Players Fairway Score Rough Score Difference
Tour -0.16 0.12 0.28
Top 5 -0.25 -0.01 0.25
Cut -0.05 0.23 0.28

 

  • According to Sanders, the most-frequent approach shot distance range is 150-175 yards, and in order for the average tour player to hit the green from the rough as frequently as he will from the fairway that range, he will have to be 50 to 75 yards closer to the hole. “The message I give to the players I work with is that if you have to lay back 25, 30 or 35 yards to avoid the rough or trouble, you are not giving up any shots,” Sanders said. “You are gaining shots.”
  • However, when golfers do not have water or a hazard guarding a green on a par 5, they are almost always better off going for the green instead of laying up. The reason, according to Sanders, is clearly visible in the chart below.

 

75-100 yards Percent Who Hit the Green Average Distance to the Hole
Tour 85 percent 15 feet
<50 yards Percent Who Hit the Green Average Distance to the Hole
Tour 93 percent 7.1 feet

Players who go for the green in two shots on a par 5 and hit their third shot from within 50 yards of the hole hit the green with their third more often and get the ball closer to the hole with that shot too.

“They cut their error percentage in half and they cut their average putting distance in half,” Sanders said. “So my message is that if there is no obvious downside, go for the green every time.”

Surprisingly, Sanders said that most coaches who work with PGA Tour players see the hundreds of stats created in the ShotLink system as a giant, confusing mess. It’s a system that is filled with numbers and definitions that they do not understand, and they don’t know which stats to pay attention to and which they probably should ignore.

Even more surprising, four minutes into Sanders talk, he said, “If you know what strokes gained is, then you are in the vast minority. I start our all my initial meetings with tour players and their coaches by giving examples and it invariably leads to very spirited conversations about what these numbers really mean and how they relate to traditional statistics.”

To ensure that you are in the wise minority, it is important to understand that stokes gained statistics are all based on the average number of shots it will take to get the ball in the hole from a given distance. Those average numbers have been created by studying tens of thousands of shots measured using ShotLink over the years. Here is a simple example of how strokes gained stats work:

Imagine that a PGA Tour player is playing a 460-yard par 4. Based on historical data, we know that the average number of strokes needed to get the ball in the hole from that distance is about 4.17. After the player hits a tee shot 300 yards, his ball is in the fairway 160 yards from the hole. The data says that the average number of strokes needed to get the ball in the hole from there is 2.98. If you take 4.17 and subtract 2.98 (which equals 1.19), and subtract one to account for the shot that was taken, we know the value of that 300-yard drive was 0.19 strokes.
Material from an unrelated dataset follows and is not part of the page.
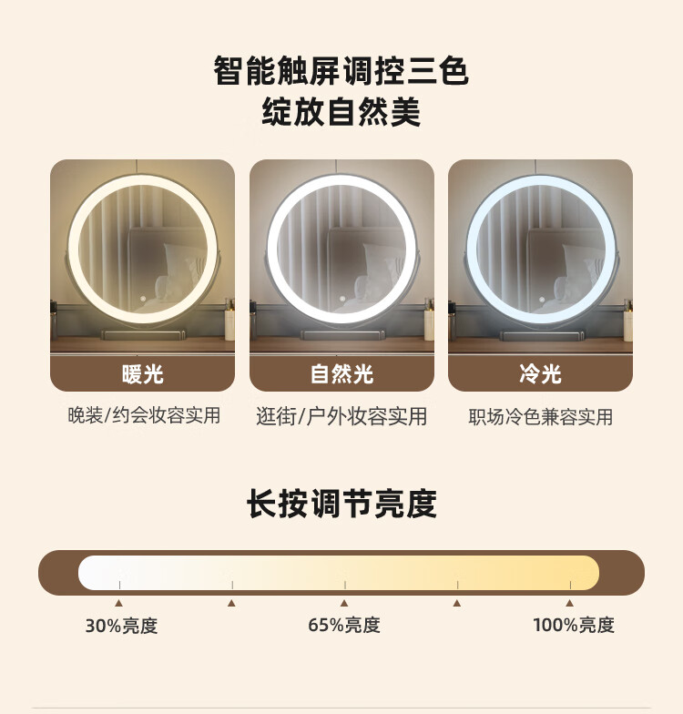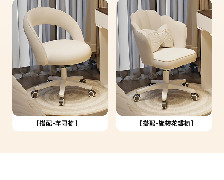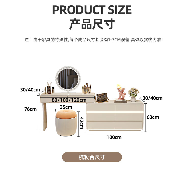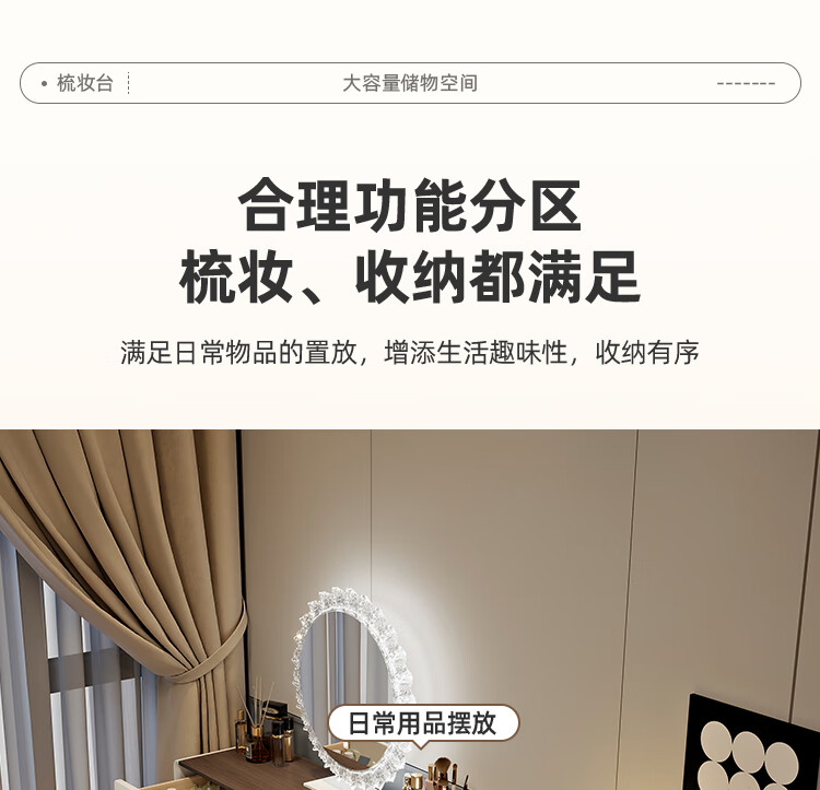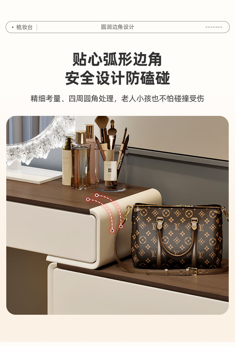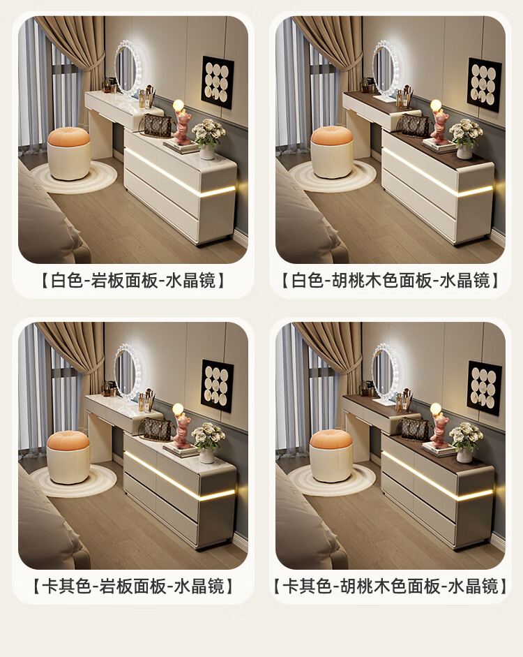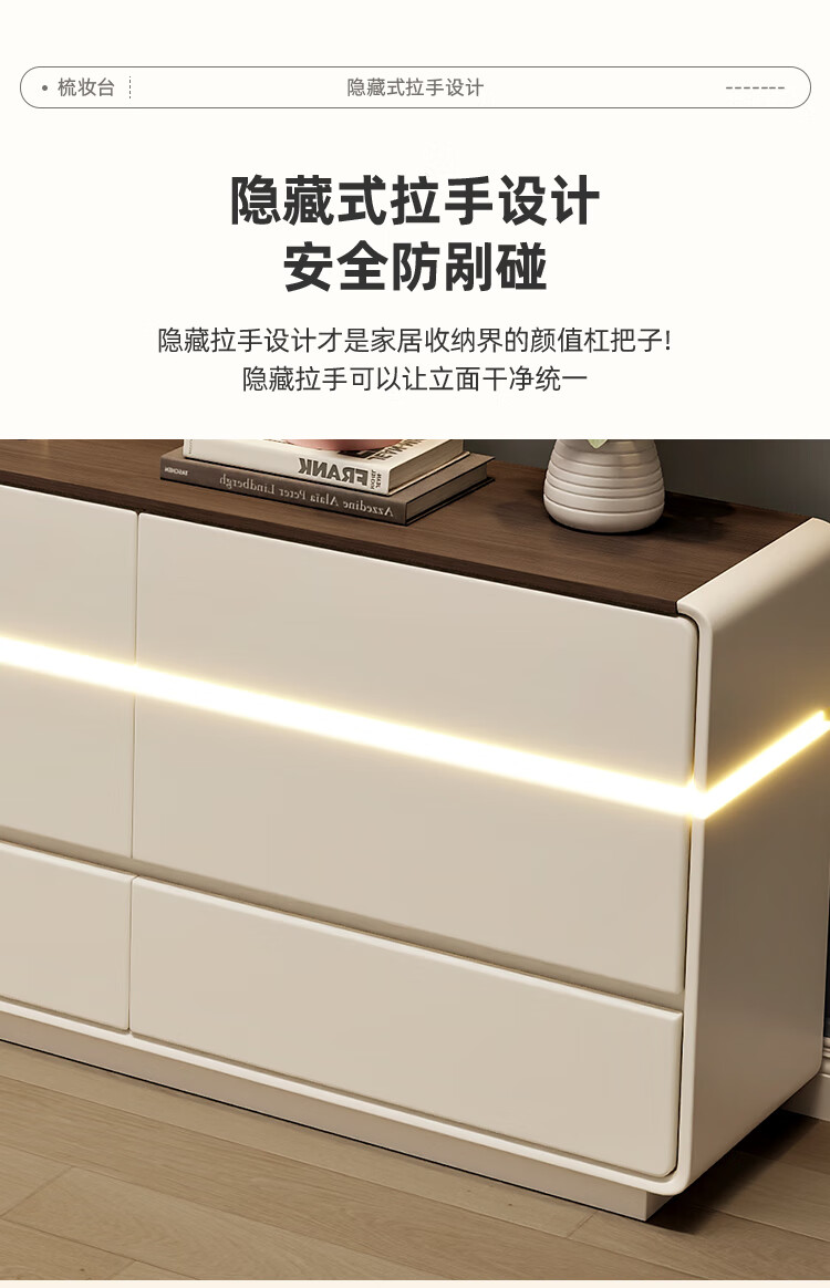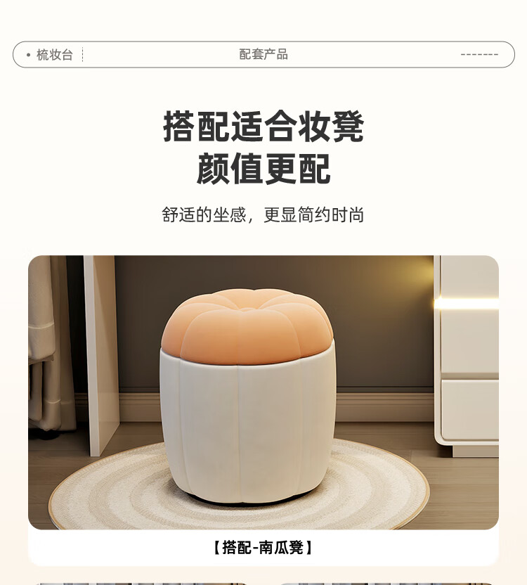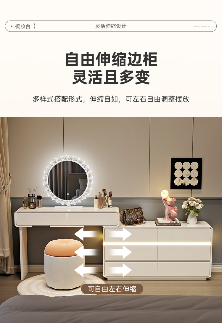 Yuke Dressing Table with Lights New Solid Wood Small Apartment Modern Simple Dressing Table Bedroom Drawer Cabinet Integrated Light Luxurious and High-Level 100cm White Walnut Surface + Six Drawer Cabinet + Round Mirror + Storage Pumpkin Stool

If the player hits his next shot on the green, but 60 feet from the flag, the data says the average number of strokes needed to get the ball in the hole is now 2.21. So, 2.98 minus 2.21, minus one for the shot the player just took means the approach shot was -0.23. However, had that second shot stopped 10 feet from the hole instead, where the average number of shots needed to get the ball in the hole is 1.61, the approach shot would have been worth 0.37 (2.98-1.61-1).

If the player makes the 10-foot putt, the value of the putt would be 1.61 minus one, or 0.61 shots. If you add up the strokes gained value of the drive, the approach shot to 10 feet and the putt, you will see that this player gained 1.17 shots.